▶ TASK ITEM
The records below are to be restated word for word, with every picture left out.

▶ RECORDED DATA
= = = =
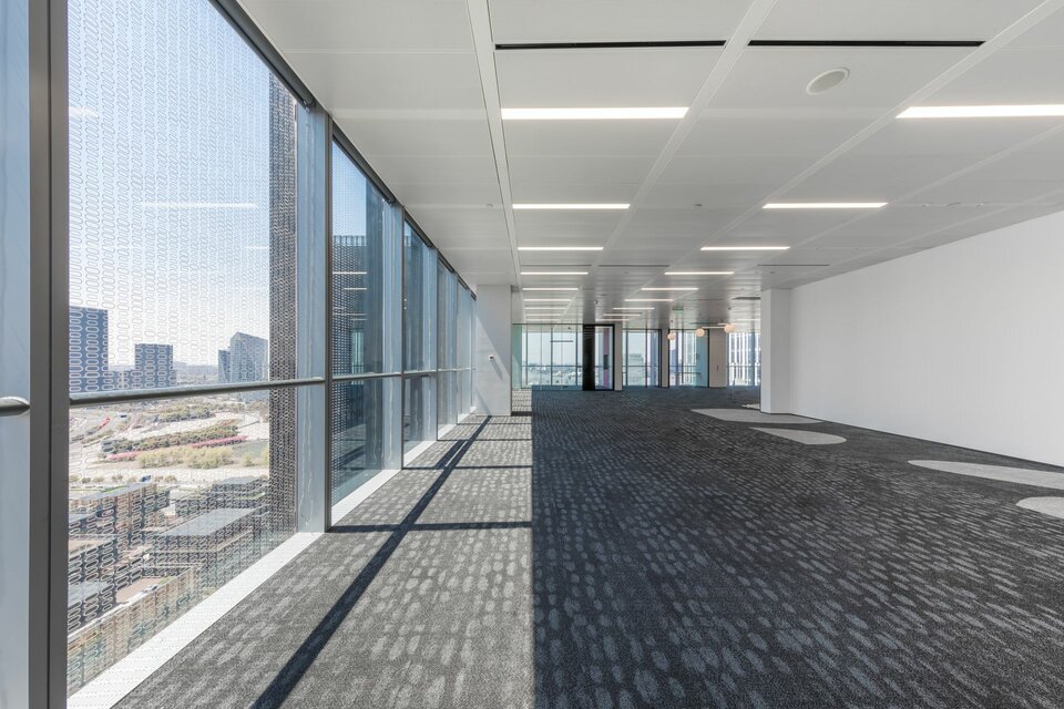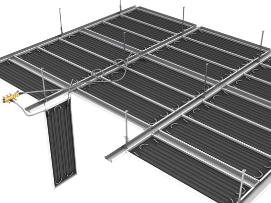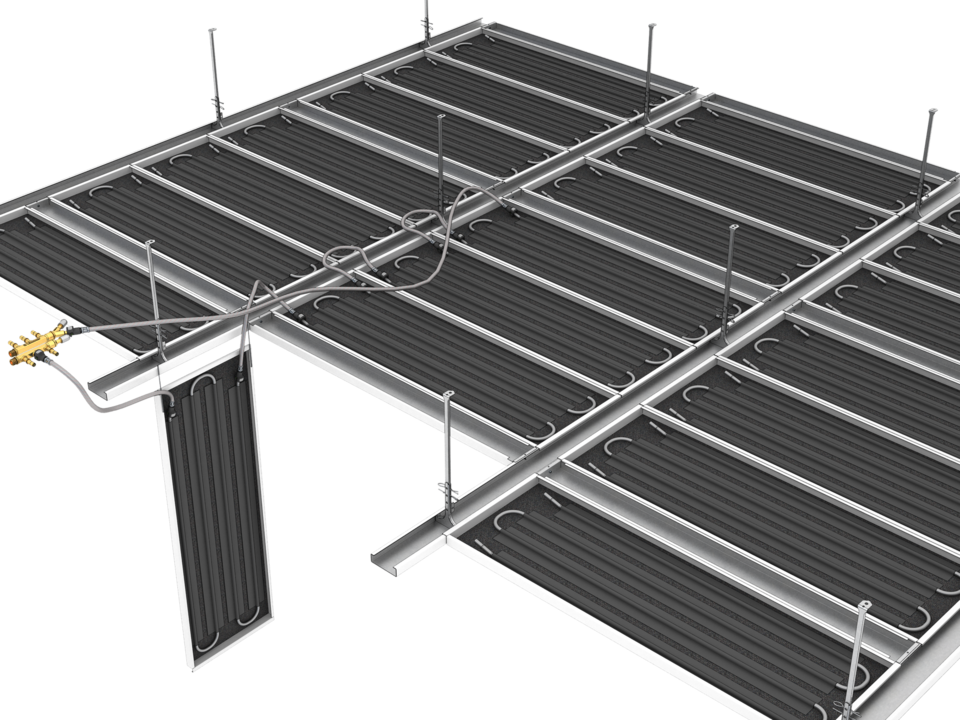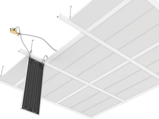 This post cap ceiling creates an ideal indoor climate thanks to radiant heating and cooling. Cross noggins define the visual appearance of this system and offer many advantages: partitions can be fastened to post caps in both directions. Moreover, possible future room sizes can be identified. Luminaires or technical installations can be integrated into the post caps. The post cap ceiling with cross noggins has a low construction height and is maintenance-friendly thanks to ceiling panels that can individually be operated. Thermally active and passive areas can be combined.
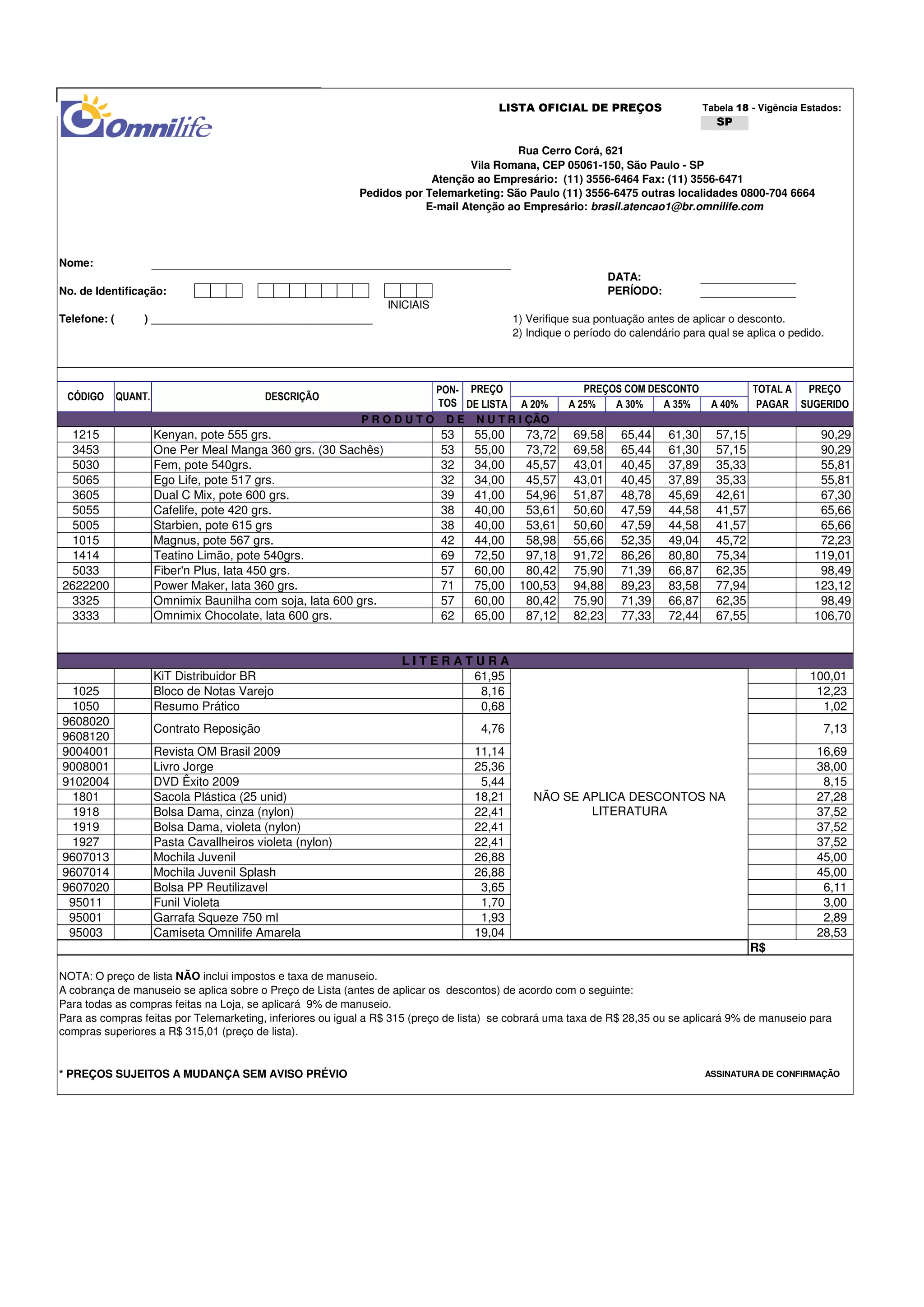 1) Lista oficial de preços de produtos de nutrição e literatura da Omnilife com códigos, descrições, quantidades, pontos, e preços de lista e com descontos de 20% a 40%.
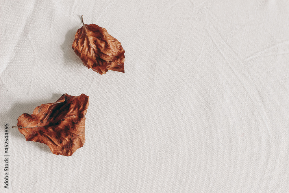 Autumn still life. Dry beech leaves on linen fabric table cloth textile background. Fall and Thanksgiving concept. Seasonal composition. Styled flat lay photography. Top view, no people.
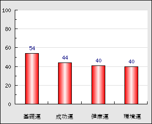 成功運 目的に対する成功運の強さをあらわします。この点数が高いほど自分の思い通りに成功し、逆に悪いと逆境・批判・障害などに苦心します。 44点
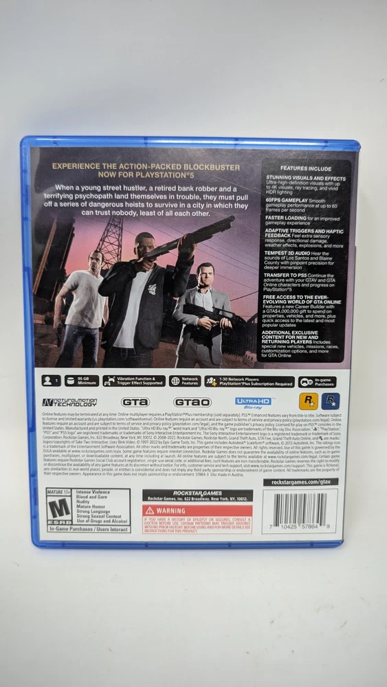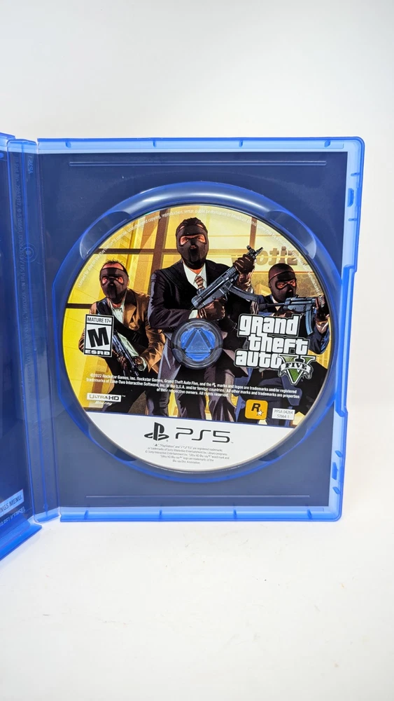 These are only listed in good condition because they all have some sort of sticker residue on them (as can be seen in the photos). However, the discs are all in very good to like new condition with very little or no signs of use. Any downloadable codes are assumed to have already been used, but I technically don't know for sure. Embark on an epic journey through the sun-soaked streets of Los Santos with Grand Theft Auto V for the Sony PlayStation 5. The Standard Edition invites players to experience a vast and vibrant world filled with heists, car racing, and boxing. Navigate the complex criminal underworld in this action-adventure game that's packed with shooting and crime-solving challenges. With its immersive gameplay and stunning visuals, GTA V is a must-have for fans and newcomers alike. Enjoy the freedom to explore the open world at your own pace, or dive into the intense action of the game's myriad missions. Whether you're completing daring heists or simply enjoying the rich narrative, the game's features like multiplayer and online playability ensure that the fun never stops.
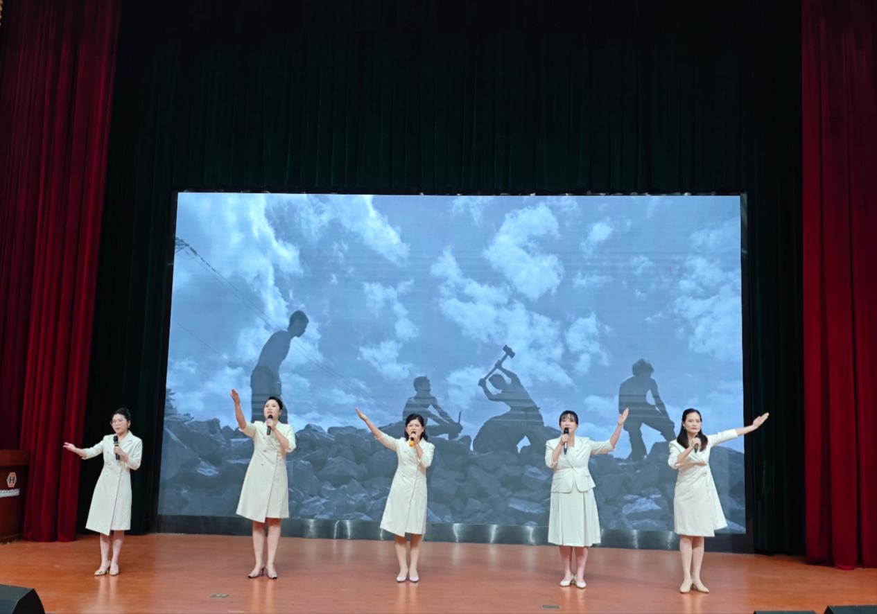活动现场,两校师生以经典诗词为纽带,深度融合文学之美与艺术表达。河源理工学校教师团队带来的《这一双手,那一抹绿》讲述环保工作者守护绿水青山的故事。通过朗诵艺术唤起公众对生态保护的关注与责任担当。郑培荣、吴思琪带来的作品《我们的青春》,以对话形式实现跨越75 年的时空对话,展现新时代的发展成就与青年精神的传承延续。河源理工学校学生团队《赤子丹心阮啸仙》创新采用话剧片段与朗诵结合的形式,生动再现阮啸仙为理想信念奋斗的一生,让在场师生进一步坚定了传承红色基因、赓续红色血脉的决心。最后,河职院周艳妮老师以一曲《三月桃花心中开》为活动画上圆满句号。歌声中饱含对革命先烈的敬仰和对革命精神的礼赞以及对和平美好生活的珍惜之情。
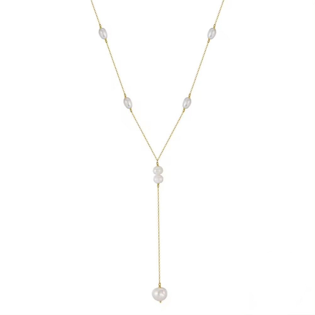 Die Kette ist mit gleichmäßig verteilten Süßwasserperlen (5-6 mm) versehen, die ihr eine raffinierte Eleganz verleihen. Am Ende der Kette befinden sich zwei größere Perlen (6-7 mm), gefolgt von einer einzelnen, hängenden Kette, die mit einer eindrucksvollen Perle (10-11 mm) abgeschlossen wird. Pflegehinweis: Diese Schmuckstücke sind aus feinstem 925 Sterling Silber gefertigt und tragen das entsprechende Echtheitsmerkmal. Sie sind zudem hypoallergen, wodurch sie sich besonders gut für empfindliche Haut eignen. Um die Schönheit und Langlebigkeit Ihres Schmucks zu bewahren, empfehlen wir, den Kontakt mit Parfüms, Deodorants und anderen chemischen Substanzen zu vermeiden. So können Sie sicherstellen, dass Ihr Schmuckstück auch nach längerem Tragen strahlt.
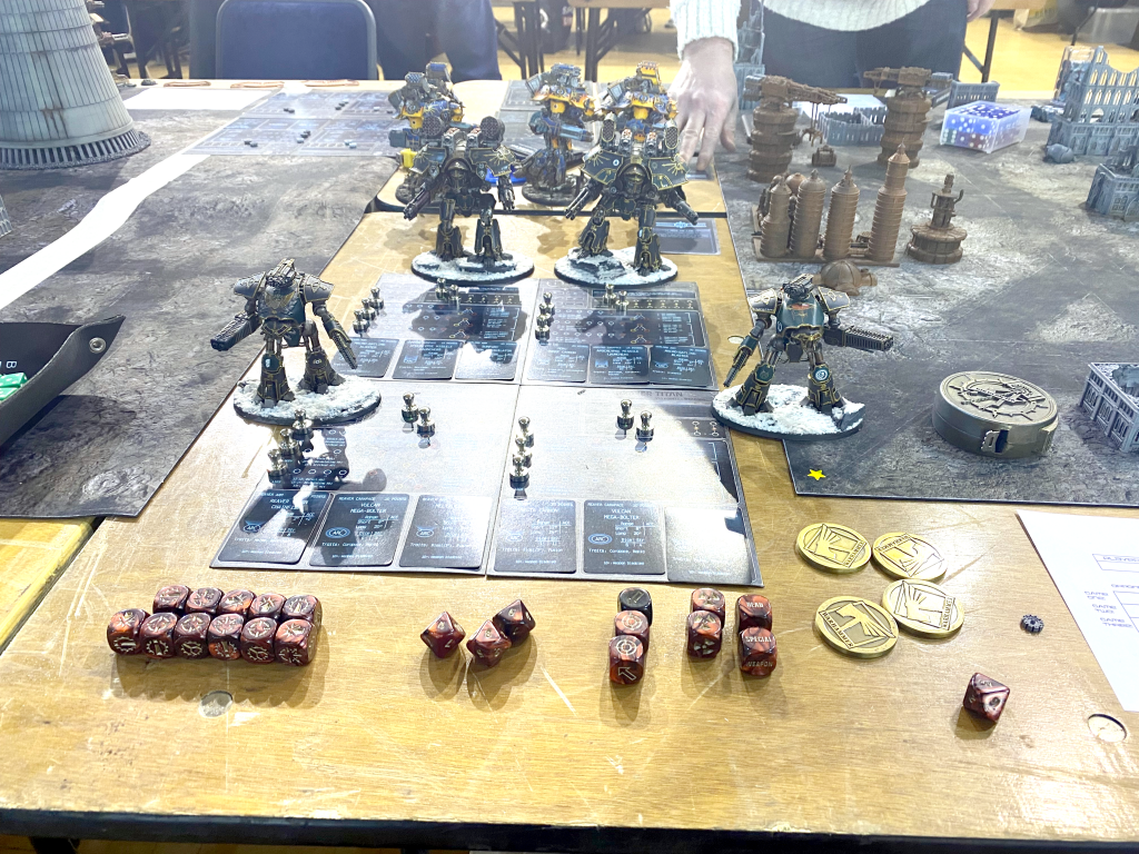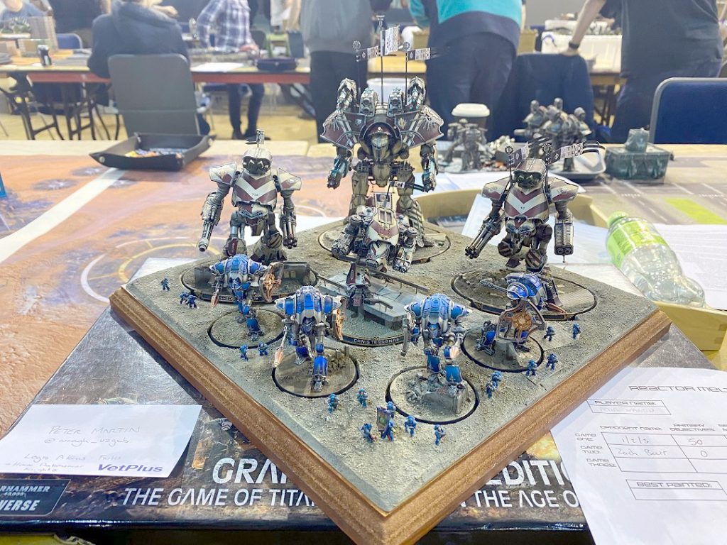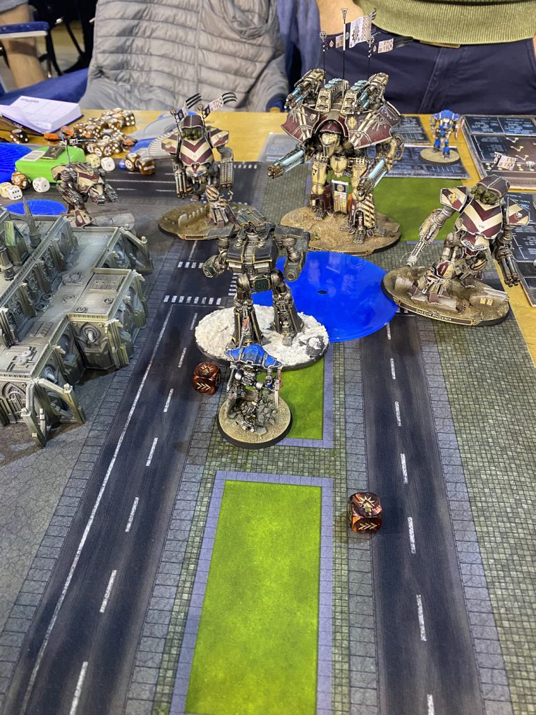 The last game of the first day was against the first person I played in my first Titanicus event at the 2020 Warhammer World narrative event , Dan, and it was great to get the chance to again. He brought a Psi Titan with a Ferrox Maniple of titans not belonging to any legio and this really threw me too since it meant I only had 3 stratagem points to play with instead of the “normal” 5 that you expect at 1750 points. That Psi Titan is no joke too; I hadn’t had the chance to play against it before, and only piloted one a handful of times, but I knew it was deadly. My first mistake was not taking Concealment Barrage; instead I took War Lust for speed and Last Ditch Effort which in retrospect was real dumb. My second mistake was deploying “normally” with my Reavers in base contact, just waiting to be hit by the psychic quake power turn one, absolutely neutering their movement for the first 2 turns of the game. I pushed up as best I could with Full Stride orders but couldn’t dodge the shots coming from the Psi-Titan and took a loss.
= = = =
▶ OUTPUT OF THE TASK
 This post cap ceiling creates an ideal indoor climate thanks to radiant heating and cooling. Cross noggins define the visual appearance of this system and offer many advantages: partitions can be fastened to post caps in both directions. Moreover, possible future room sizes can be identified. Luminaires or technical installations can be integrated into the post caps. The post cap ceiling with cross noggins has a low construction height and is maintenance-friendly thanks to ceiling panels that can individually be operated. Thermally active and passive areas can be combined.
 1) Lista oficial de preços de produtos de nutrição e literatura da Omnilife com códigos, descrições, quantidades, pontos, e preços de lista e com descontos de 20% a 40%.
 Autumn still life. Dry beech leaves on linen fabric table cloth textile background. Fall and Thanksgiving concept. Seasonal composition. Styled flat lay photography. Top view, no people.
 成功運 目的に対する成功運の強さをあらわします。この点数が高いほど自分の思い通りに成功し、逆に悪いと逆境・批判・障害などに苦心します。 44点
 These are only listed in good condition because they all have some sort of sticker residue on them (as can be seen in the photos). However, the discs are all in very good to like new condition with very little or no signs of use. Any downloadable codes are assumed to have already been used, but I technically don't know for sure. Embark on an epic journey through the sun-soaked streets of Los Santos with Grand Theft Auto V for the Sony PlayStation 5. The Standard Edition invites players to experience a vast and vibrant world filled with heists, car racing, and boxing. Navigate the complex criminal underworld in this action-adventure game that's packed with shooting and crime-solving challenges. With its immersive gameplay and stunning visuals, GTA V is a must-have for fans and newcomers alike. Enjoy the freedom to explore the open world at your own pace, or dive into the intense action of the game's myriad missions. Whether you're completing daring heists or simply enjoying the rich narrative, the game's features like multiplayer and online playability ensure that the fun never stops.
活动现场,两校师生以经典诗词为纽带,深度融合文学之美与艺术表达。河源理工学校教师团队带来的《这一双手,那一抹绿》讲述环保工作者守护绿水青山的故事。通过朗诵艺术唤起公众对生态保护的关注与责任担当。郑培荣、吴思琪带来的作品《我们的青春》,以对话形式实现跨越75 年的时空对话,展现新时代的发展成就与青年精神的传承延续。河源理工学校学生团队《赤子丹心阮啸仙》创新采用话剧片段与朗诵结合的形式,生动再现阮啸仙为理想信念奋斗的一生,让在场师生进一步坚定了传承红色基因、赓续红色血脉的决心。最后,河职院周艳妮老师以一曲《三月桃花心中开》为活动画上圆满句号。歌声中饱含对革命先烈的敬仰和对革命精神的礼赞以及对和平美好生活的珍惜之情。
 Die Kette ist mit gleichmäßig verteilten Süßwasserperlen (5-6 mm) versehen, die ihr eine raffinierte Eleganz verleihen. Am Ende der Kette befinden sich zwei größere Perlen (6-7 mm), gefolgt von einer einzelnen, hängenden Kette, die mit einer eindrucksvollen Perle (10-11 mm) abgeschlossen wird. Pflegehinweis: Diese Schmuckstücke sind aus feinstem 925 Sterling Silber gefertigt und tragen das entsprechende Echtheitsmerkmal. Sie sind zudem hypoallergen, wodurch sie sich besonders gut für empfindliche Haut eignen. Um die Schönheit und Langlebigkeit Ihres Schmucks zu bewahren, empfehlen wir, den Kontakt mit Parfüms, Deodorants und anderen chemischen Substanzen zu vermeiden. So können Sie sicherstellen, dass Ihr Schmuckstück auch nach längerem Tragen strahlt.
 The last game of the first day was against the first person I played in my first Titanicus event at the 2020 Warhammer World narrative event , Dan, and it was great to get the chance to again. He brought a Psi Titan with a Ferrox Maniple of titans not belonging to any legio and this really threw me too since it meant I only had 3 stratagem points to play with instead of the “normal” 5 that you expect at 1750 points. That Psi Titan is no joke too; I hadn’t had the chance to play against it before, and only piloted one a handful of times, but I knew it was deadly. My first mistake was not taking Concealment Barrage; instead I took War Lust for speed and Last Ditch Effort which in retrospect was real dumb. My second mistake was deploying “normally” with my Reavers in base contact, just waiting to be hit by the psychic quake power turn one, absolutely neutering their movement for the first 2 turns of the game. I pushed up as best I could with Full Stride orders but couldn’t dodge the shots coming from the Psi-Titan and took a loss.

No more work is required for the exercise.